**EXERCISE BRIEF:** Reproduce, character for character, the lines below from the first through the one with "на условиях анонимности.". Leave pictures out.

[Start of section]

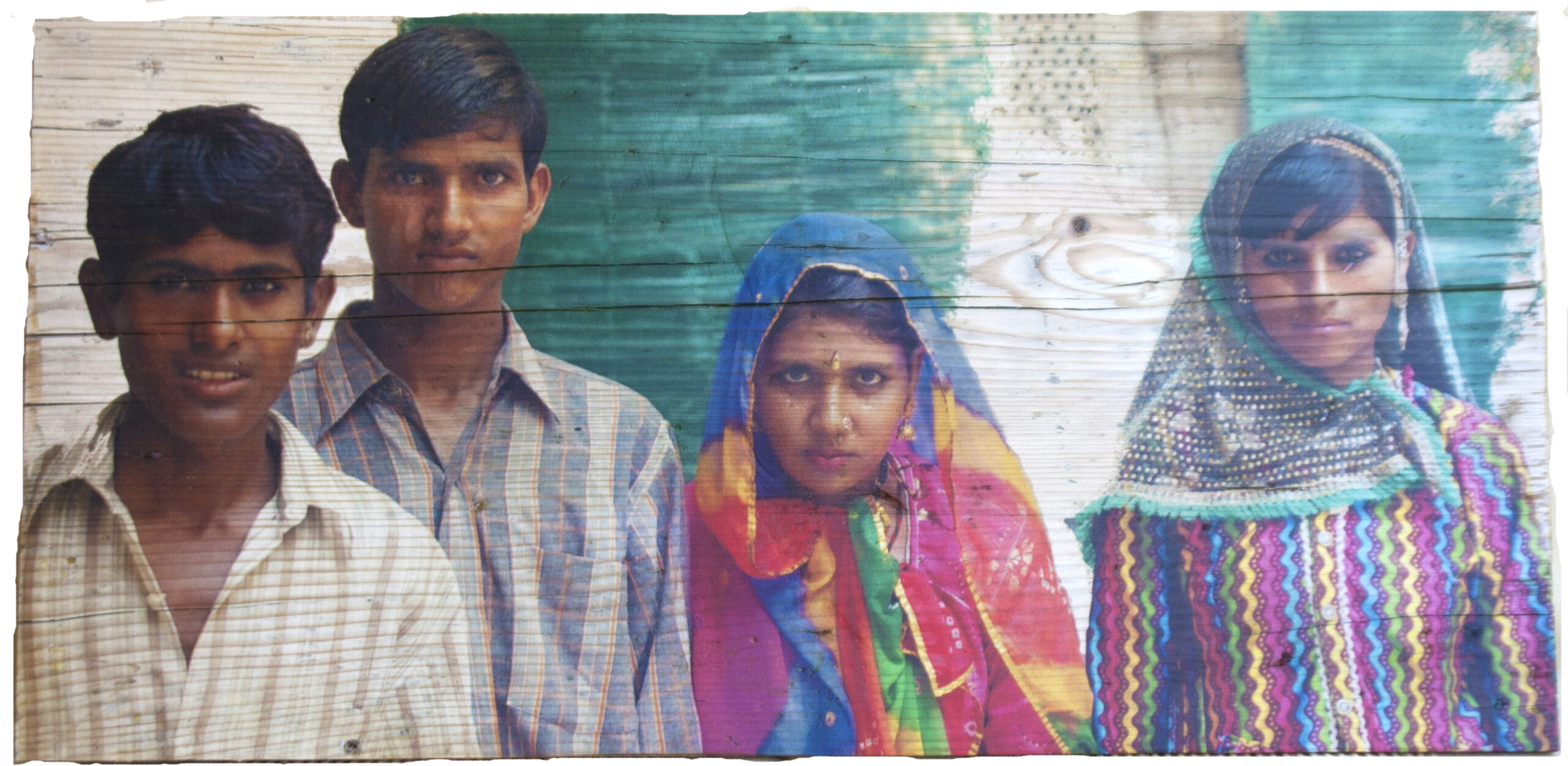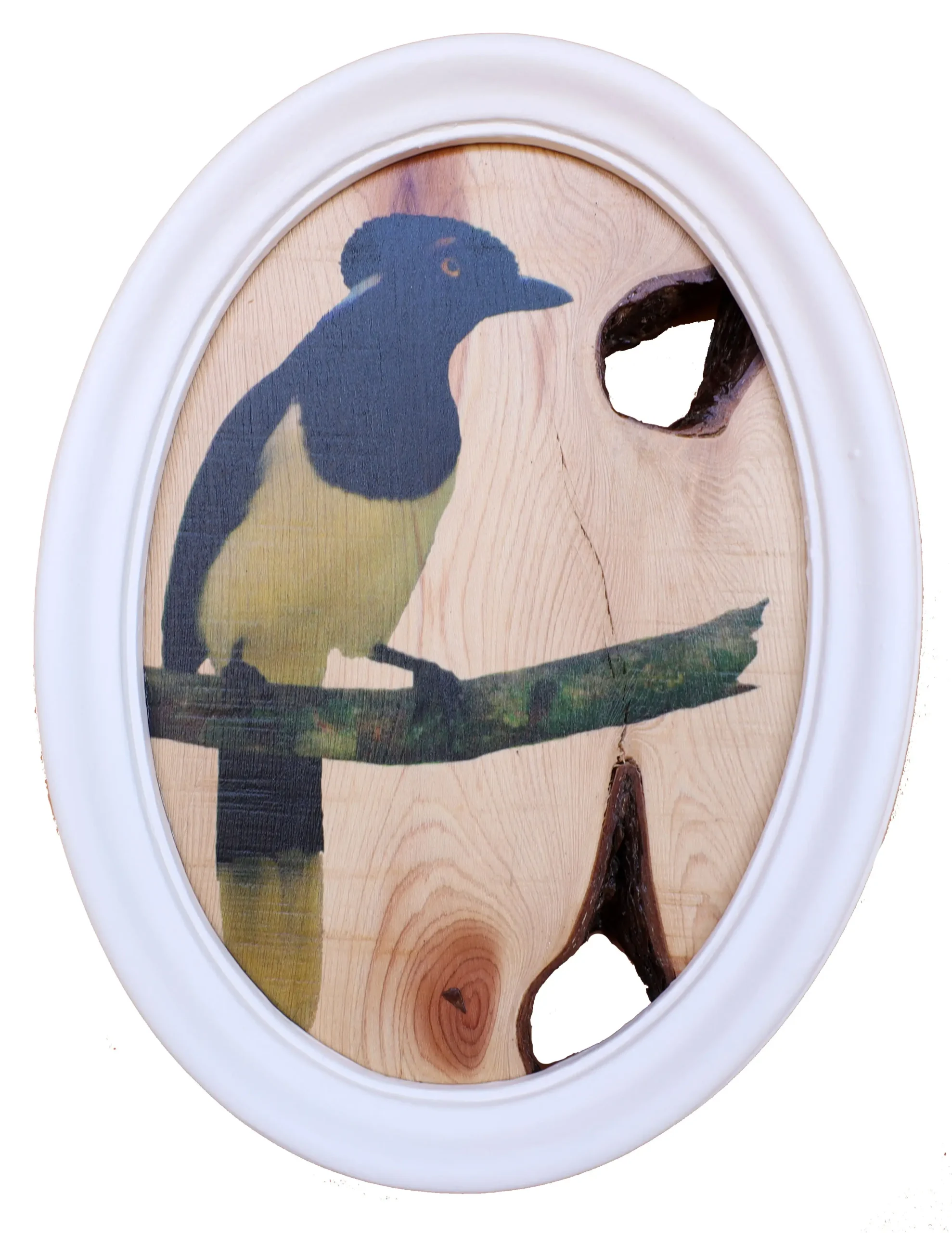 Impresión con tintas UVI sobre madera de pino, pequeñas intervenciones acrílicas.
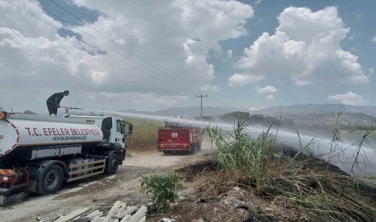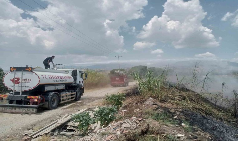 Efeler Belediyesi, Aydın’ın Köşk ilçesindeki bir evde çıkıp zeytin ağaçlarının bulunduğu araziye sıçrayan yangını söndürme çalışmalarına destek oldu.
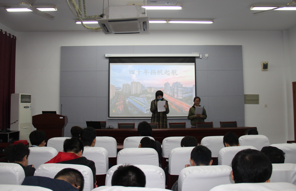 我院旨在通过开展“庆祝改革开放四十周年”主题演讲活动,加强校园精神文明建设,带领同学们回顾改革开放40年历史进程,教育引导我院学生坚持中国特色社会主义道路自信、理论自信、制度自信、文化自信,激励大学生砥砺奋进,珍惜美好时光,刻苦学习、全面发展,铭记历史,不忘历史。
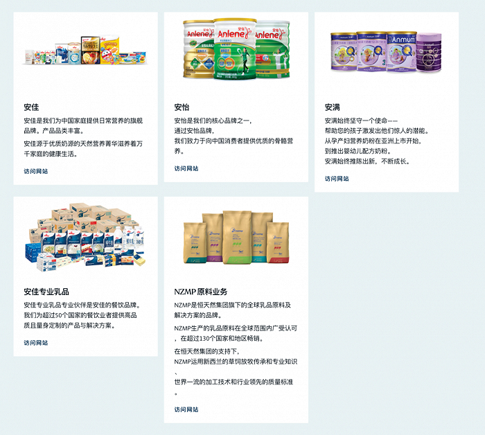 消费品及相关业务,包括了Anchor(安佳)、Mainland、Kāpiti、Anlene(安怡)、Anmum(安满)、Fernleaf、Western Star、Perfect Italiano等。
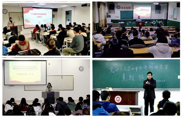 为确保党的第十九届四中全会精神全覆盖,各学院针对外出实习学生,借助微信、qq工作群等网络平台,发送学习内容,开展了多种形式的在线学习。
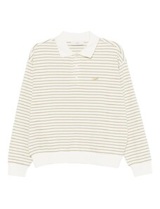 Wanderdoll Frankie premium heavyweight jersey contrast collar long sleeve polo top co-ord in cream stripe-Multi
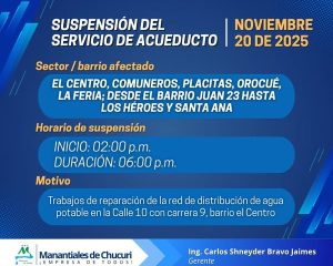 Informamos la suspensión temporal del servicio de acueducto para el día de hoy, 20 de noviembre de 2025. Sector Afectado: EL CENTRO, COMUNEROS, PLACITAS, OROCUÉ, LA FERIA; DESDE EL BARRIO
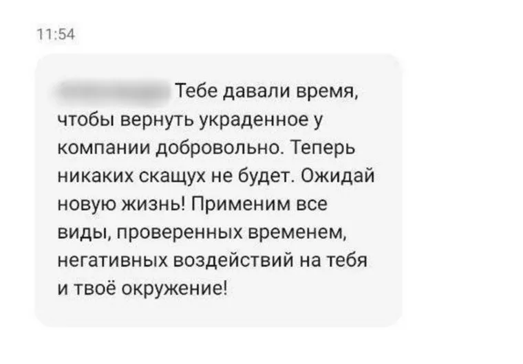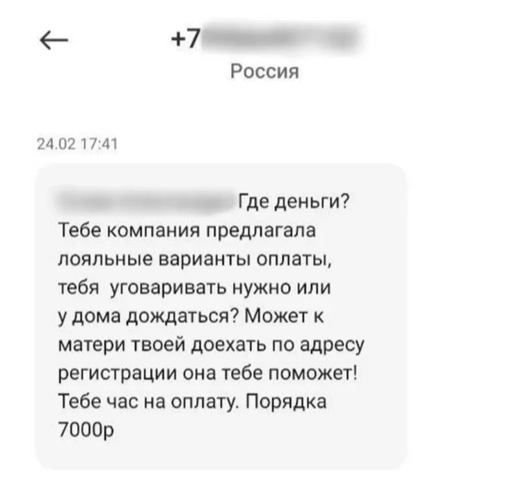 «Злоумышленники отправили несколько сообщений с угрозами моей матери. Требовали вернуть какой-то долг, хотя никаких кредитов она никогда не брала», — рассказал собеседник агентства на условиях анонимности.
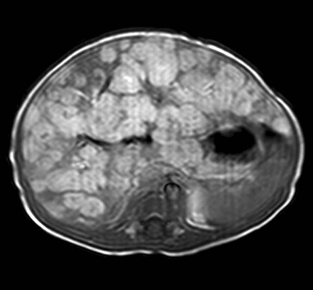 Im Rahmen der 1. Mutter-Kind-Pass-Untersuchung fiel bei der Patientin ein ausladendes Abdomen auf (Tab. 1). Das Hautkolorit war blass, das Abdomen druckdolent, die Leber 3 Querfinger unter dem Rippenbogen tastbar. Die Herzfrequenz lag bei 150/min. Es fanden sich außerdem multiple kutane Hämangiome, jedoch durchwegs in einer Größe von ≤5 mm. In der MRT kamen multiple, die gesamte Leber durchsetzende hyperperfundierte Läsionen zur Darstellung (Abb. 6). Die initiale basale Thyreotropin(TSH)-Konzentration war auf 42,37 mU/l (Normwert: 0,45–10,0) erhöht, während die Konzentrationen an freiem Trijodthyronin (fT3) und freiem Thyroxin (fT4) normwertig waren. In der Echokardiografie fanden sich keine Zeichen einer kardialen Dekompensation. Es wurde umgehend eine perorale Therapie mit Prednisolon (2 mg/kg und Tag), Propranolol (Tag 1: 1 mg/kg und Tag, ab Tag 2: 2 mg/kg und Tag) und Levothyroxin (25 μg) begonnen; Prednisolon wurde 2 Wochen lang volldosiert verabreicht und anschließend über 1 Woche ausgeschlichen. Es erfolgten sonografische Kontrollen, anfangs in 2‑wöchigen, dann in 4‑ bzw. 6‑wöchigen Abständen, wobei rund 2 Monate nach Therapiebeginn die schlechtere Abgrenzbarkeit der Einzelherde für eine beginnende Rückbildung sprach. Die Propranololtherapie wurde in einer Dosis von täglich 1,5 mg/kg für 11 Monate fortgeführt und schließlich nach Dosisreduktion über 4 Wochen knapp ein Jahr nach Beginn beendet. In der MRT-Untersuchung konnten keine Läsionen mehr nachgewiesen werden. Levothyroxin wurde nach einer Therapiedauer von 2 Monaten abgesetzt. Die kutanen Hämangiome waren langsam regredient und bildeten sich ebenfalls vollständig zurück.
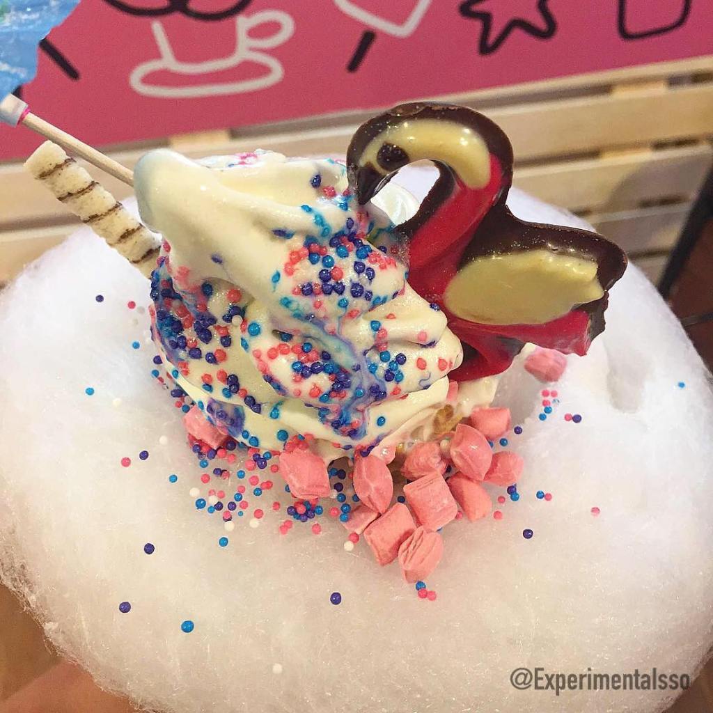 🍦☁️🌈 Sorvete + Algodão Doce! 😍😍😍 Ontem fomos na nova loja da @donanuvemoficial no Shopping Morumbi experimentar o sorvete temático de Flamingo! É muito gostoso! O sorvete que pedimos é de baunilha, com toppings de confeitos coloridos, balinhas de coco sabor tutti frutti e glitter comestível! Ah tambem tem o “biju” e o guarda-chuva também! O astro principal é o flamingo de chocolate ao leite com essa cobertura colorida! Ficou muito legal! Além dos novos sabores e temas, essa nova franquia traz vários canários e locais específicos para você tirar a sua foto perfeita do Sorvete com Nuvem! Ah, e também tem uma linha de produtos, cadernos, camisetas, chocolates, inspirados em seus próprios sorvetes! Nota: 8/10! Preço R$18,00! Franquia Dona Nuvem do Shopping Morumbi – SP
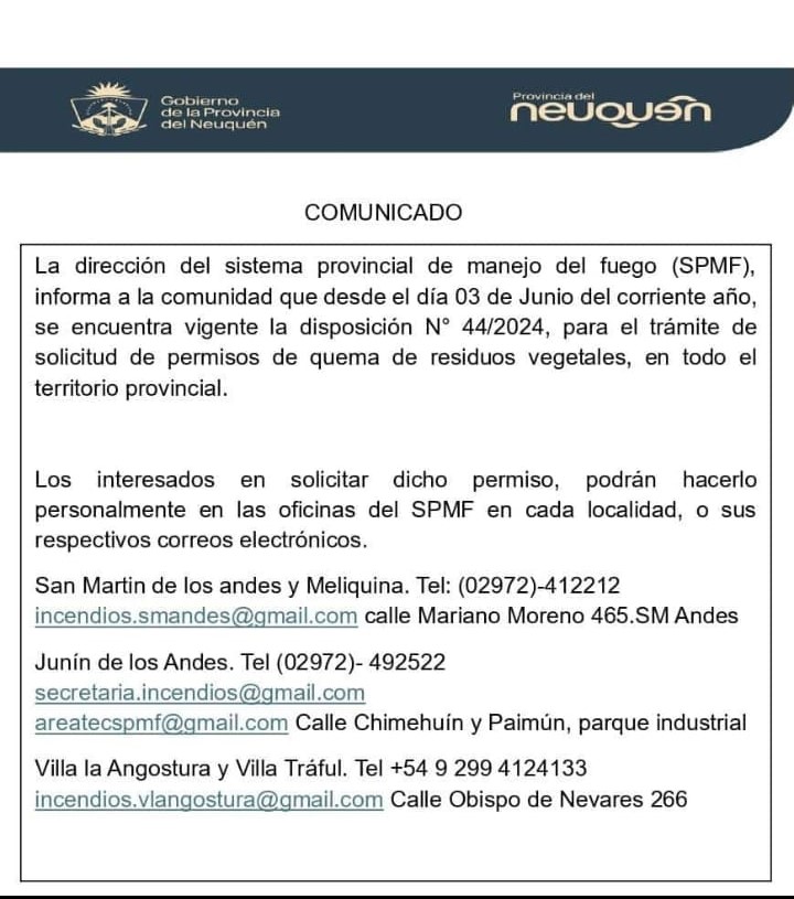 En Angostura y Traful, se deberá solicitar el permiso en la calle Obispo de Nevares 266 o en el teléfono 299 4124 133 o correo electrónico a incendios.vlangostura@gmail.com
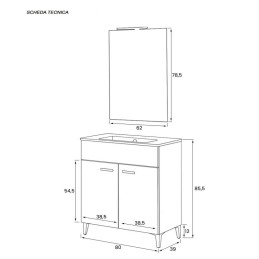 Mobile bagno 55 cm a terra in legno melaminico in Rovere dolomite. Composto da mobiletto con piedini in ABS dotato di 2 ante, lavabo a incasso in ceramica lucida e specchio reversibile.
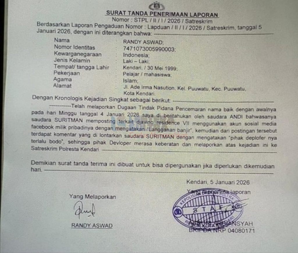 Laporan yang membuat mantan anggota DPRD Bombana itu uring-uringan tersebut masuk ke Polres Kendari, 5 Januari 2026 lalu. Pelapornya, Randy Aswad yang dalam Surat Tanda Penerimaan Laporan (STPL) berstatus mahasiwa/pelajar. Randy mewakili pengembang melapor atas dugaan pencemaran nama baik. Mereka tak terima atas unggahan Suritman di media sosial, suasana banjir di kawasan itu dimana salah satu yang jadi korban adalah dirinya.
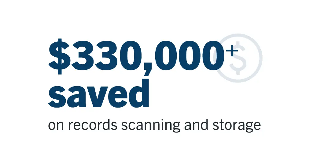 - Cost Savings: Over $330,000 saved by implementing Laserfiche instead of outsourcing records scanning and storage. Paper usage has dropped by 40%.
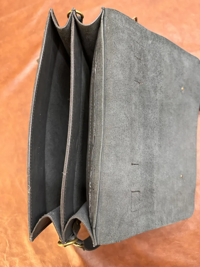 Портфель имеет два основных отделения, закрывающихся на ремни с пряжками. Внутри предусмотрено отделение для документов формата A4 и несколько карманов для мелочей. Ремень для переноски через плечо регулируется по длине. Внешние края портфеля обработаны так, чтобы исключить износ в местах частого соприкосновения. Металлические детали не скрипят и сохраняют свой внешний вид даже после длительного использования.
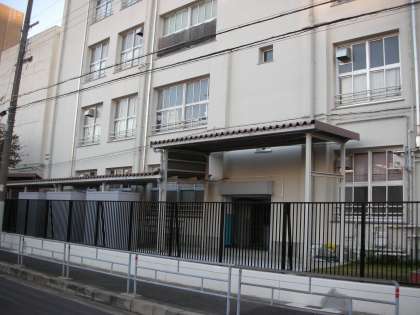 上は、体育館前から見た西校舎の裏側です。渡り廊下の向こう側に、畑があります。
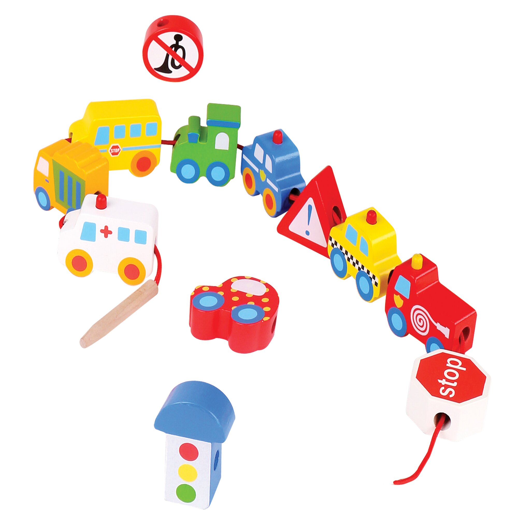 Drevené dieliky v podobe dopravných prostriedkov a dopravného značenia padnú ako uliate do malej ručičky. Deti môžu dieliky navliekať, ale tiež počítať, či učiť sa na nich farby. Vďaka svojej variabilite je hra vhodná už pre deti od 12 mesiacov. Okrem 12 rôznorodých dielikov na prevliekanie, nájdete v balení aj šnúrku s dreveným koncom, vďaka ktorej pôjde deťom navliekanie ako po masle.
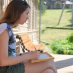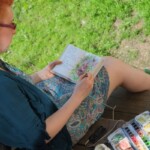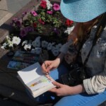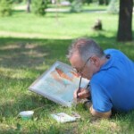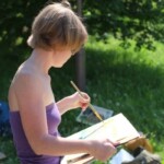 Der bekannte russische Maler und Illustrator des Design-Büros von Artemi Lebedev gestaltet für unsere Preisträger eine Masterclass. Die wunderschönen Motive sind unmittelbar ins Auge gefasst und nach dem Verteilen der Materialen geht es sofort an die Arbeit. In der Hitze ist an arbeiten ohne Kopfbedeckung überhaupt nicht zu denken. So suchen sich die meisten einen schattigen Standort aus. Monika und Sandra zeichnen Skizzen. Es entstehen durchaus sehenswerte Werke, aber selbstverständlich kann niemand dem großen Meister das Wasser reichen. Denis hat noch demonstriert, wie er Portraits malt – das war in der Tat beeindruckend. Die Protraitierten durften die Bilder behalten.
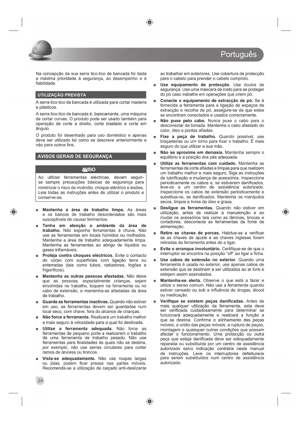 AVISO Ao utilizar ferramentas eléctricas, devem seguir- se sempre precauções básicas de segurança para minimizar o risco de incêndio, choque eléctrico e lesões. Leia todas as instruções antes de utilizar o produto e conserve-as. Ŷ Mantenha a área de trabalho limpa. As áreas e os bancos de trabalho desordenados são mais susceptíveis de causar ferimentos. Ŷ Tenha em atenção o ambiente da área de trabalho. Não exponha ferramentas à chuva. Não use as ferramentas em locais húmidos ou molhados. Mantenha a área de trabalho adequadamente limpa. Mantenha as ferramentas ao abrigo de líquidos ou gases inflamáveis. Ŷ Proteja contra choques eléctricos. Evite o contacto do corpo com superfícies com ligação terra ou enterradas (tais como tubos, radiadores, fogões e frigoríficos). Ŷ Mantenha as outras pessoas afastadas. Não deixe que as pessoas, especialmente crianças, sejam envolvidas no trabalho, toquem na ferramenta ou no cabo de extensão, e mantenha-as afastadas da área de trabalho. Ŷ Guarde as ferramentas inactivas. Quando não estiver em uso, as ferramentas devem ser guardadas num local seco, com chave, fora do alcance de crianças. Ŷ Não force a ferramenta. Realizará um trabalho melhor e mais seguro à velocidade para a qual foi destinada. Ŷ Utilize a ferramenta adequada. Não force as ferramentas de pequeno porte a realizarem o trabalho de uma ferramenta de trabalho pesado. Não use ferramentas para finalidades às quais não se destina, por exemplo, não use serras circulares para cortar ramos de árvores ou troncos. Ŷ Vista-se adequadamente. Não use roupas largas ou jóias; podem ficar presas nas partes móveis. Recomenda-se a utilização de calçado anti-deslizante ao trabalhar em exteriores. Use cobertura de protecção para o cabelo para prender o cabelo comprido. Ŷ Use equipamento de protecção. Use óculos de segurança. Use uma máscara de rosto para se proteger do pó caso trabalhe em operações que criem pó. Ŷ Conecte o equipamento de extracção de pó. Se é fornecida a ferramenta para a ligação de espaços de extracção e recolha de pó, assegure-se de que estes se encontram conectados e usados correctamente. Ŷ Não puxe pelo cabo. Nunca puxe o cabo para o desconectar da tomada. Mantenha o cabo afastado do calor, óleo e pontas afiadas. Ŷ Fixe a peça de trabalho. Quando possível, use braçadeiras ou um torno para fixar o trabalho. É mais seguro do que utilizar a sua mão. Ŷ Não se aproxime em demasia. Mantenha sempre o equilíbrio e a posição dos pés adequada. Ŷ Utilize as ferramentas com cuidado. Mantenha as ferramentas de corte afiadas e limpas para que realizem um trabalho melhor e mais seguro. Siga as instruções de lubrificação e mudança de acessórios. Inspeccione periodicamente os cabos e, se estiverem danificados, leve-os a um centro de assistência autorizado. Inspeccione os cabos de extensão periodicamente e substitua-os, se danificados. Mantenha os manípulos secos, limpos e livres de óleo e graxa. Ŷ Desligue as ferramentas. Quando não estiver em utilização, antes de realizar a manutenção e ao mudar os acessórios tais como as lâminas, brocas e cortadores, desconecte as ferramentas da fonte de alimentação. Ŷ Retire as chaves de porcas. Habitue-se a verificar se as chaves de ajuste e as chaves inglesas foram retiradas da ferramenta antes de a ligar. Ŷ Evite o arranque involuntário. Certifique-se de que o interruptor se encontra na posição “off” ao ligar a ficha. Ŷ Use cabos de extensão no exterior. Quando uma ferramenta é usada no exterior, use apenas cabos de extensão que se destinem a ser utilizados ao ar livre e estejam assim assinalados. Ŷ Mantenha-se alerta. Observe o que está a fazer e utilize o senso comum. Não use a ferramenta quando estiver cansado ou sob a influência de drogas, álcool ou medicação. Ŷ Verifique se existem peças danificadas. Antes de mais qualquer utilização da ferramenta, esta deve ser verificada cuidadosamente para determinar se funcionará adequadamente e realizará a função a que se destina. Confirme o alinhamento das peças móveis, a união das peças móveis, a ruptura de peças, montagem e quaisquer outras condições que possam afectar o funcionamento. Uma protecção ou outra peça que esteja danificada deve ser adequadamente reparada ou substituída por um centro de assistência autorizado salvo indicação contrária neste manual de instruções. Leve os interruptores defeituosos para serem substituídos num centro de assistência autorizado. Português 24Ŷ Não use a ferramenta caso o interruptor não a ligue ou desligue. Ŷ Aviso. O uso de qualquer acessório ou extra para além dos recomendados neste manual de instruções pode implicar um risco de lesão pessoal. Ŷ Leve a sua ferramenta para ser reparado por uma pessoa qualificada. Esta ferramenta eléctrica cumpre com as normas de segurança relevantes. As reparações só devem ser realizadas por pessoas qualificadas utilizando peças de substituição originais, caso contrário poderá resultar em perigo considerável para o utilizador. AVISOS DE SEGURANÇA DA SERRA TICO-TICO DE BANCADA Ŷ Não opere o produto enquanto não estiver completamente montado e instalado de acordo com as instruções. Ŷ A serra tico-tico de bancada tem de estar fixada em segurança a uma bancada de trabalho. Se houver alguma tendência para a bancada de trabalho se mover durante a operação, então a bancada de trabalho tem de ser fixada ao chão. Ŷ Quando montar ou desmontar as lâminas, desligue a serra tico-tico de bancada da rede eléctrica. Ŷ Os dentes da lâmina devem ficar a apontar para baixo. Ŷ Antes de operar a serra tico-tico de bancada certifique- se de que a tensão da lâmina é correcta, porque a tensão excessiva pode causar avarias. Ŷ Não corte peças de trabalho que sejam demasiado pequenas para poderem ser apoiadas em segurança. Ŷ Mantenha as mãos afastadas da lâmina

[End of section]

**WRITTEN ANSWER:**
 Impresión con tintas UVI sobre madera de pino, pequeñas intervenciones acrílicas.
 Efeler Belediyesi, Aydın’ın Köşk ilçesindeki bir evde çıkıp zeytin ağaçlarının bulunduğu araziye sıçrayan yangını söndürme çalışmalarına destek oldu.
 我院旨在通过开展“庆祝改革开放四十周年”主题演讲活动,加强校园精神文明建设,带领同学们回顾改革开放40年历史进程,教育引导我院学生坚持中国特色社会主义道路自信、理论自信、制度自信、文化自信,激励大学生砥砺奋进,珍惜美好时光,刻苦学习、全面发展,铭记历史,不忘历史。
 消费品及相关业务,包括了Anchor(安佳)、Mainland、Kāpiti、Anlene(安怡)、Anmum(安满)、Fernleaf、Western Star、Perfect Italiano等。
 为确保党的第十九届四中全会精神全覆盖,各学院针对外出实习学生,借助微信、qq工作群等网络平台,发送学习内容,开展了多种形式的在线学习。
 Wanderdoll Frankie premium heavyweight jersey contrast collar long sleeve polo top co-ord in cream stripe-Multi
 Informamos la suspensión temporal del servicio de acueducto para el día de hoy, 20 de noviembre de 2025. Sector Afectado: EL CENTRO, COMUNEROS, PLACITAS, OROCUÉ, LA FERIA; DESDE EL BARRIO
 «Злоумышленники отправили несколько сообщений с угрозами моей матери. Требовали вернуть какой-то долг, хотя никаких кредитов она никогда не брала», — рассказал собеседник агентства на условиях анонимности.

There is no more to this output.